Modeling Atlantic sea scallop (Placopecten magellanicus) scope for growth on the Northeast U.S. Shelf

Abstract

AbstractAtlantic sea scallops support one of the most valuable fisheries in the eastern United States. The scallop population is susceptible to climate‐related environmental stress. Assessing and projecting climate impacts rely on the fundamental understanding of scallop ecophysiology, including the influences of temperature and food supply on its energy balance and growth potential. In this study, we developed a scope for growth (SFG) model driven by high‐resolution hydrodynamic and biological models to assess the spatial and seasonal variability of scallop energy dynamics. The overall SFG on the Northeast U.S. Shelf is higher in May–June and lower in January–February, with substantial spatial heterogeneity.

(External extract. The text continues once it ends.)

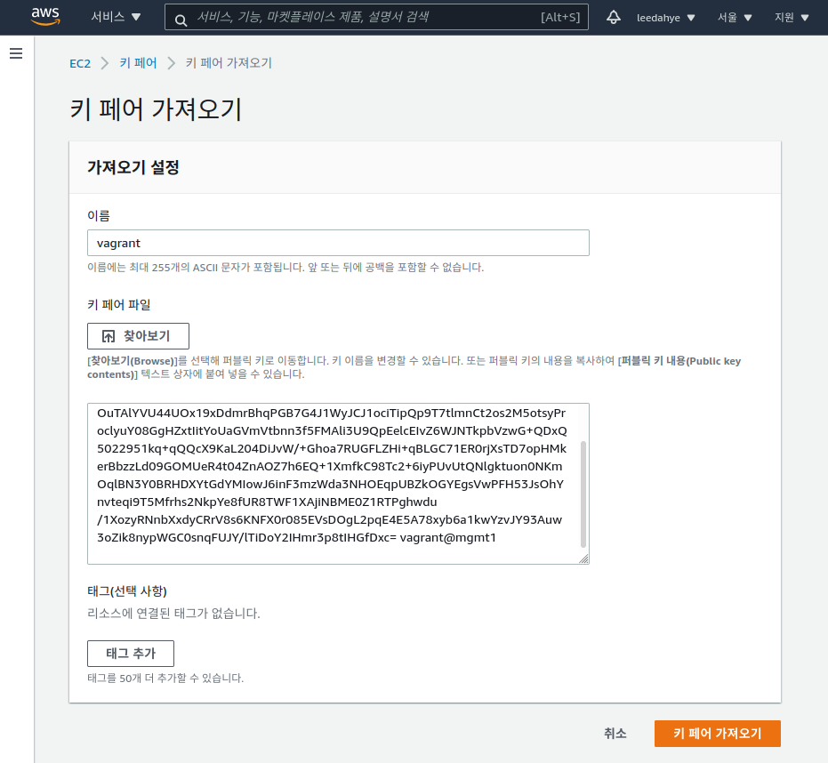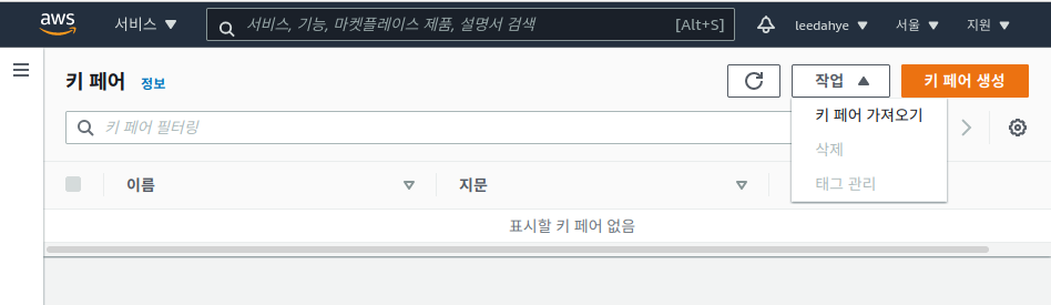AWS 에 공개키 등록하기

In the Mid‐Atlantic Bight (MAB), negative SFG occurs from July to October due to strong thermal stress. Particulate organic matter in detrital form is an important food source for scallops, with higher/lower contribution in the cold/warm seasons, respectively. Warming and food deficiency induce a noticeable contraction of suitable scallop habitats in the MAB, while their impacts on Georges Bank are insignificant. Known seasonal spawning patterns and observed growth rates in these regions match the patterns of SFG generated by the model. The sensitivity of SFG to the variations in food and temperature increases with scallop size. Large scallops are more likely to experience low or negative SFGs than smaller ones, implying that the habitats shrink as scallops grow older/bigger. This study provides key information about scallop growth potential and biogeography from the perspective of energy balance, thus helping the development of adaptive fisheries management strategies.